Rethinking Negative Pairs in Code Search
- URL: http://arxiv.org/abs/2310.08069v1
- Date: Thu, 12 Oct 2023 06:32:42 GMT
- Title: Rethinking Negative Pairs in Code Search
- Authors: Haochen Li, Xin Zhou, Luu Anh Tuan, Chunyan Miao
- Abstract summary: We propose a simple yet effective Soft-InfoNCE loss that inserts weight terms into InfoNCE.
We analyze the effects of Soft-InfoNCE on controlling the distribution of learnt code representations and on deducing a more precise mutual information estimation.
- Score: 56.23857828689406
- License: http://arxiv.org/licenses/nonexclusive-distrib/1.0/
- Abstract: Recently, contrastive learning has become a key component in fine-tuning code
search models for software development efficiency and effectiveness. It pulls
together positive code snippets while pushing negative samples away given
search queries. Among contrastive learning, InfoNCE is the most widely used
loss function due to its better performance. However, the following problems in
negative samples of InfoNCE may deteriorate its representation learning: 1) The
existence of false negative samples in large code corpora due to duplications.

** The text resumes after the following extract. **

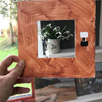 We covered a lot of ground from boards, gesso, equipment, my painting colours, colour mixing…viewfinder. Rosie really liked my viewfinder as I’d made a small hole so you can isolate colours and compare them to others in your scene.

2). The failure to explicitly differentiate between the potential relevance of
negative samples. As an example, a bubble sorting algorithm example is less
``negative'' than a file saving function for the quick sorting algorithm query.
In this paper, we tackle the above problems by proposing a simple yet effective
Soft-InfoNCE loss that inserts weight terms into InfoNCE. In our proposed loss
function, we apply three methods to estimate the weights of negative pairs and
show that the vanilla InfoNCE loss is a special case of Soft-InfoNCE.
Theoretically, we analyze the effects of Soft-InfoNCE on controlling the
distribution of learnt code representations and on deducing a more precise
mutual information estimation. We furthermore discuss the superiority of
proposed loss functions with other design alternatives. Extensive experiments
demonstrate the effectiveness of Soft-InfoNCE and weights estimation methods
under state-of-the-art code search models on a large-scale public dataset
consisting of six programming languages. Source code is available at
\url{https://github.com/Alex-HaochenLi/Soft-InfoNCE}.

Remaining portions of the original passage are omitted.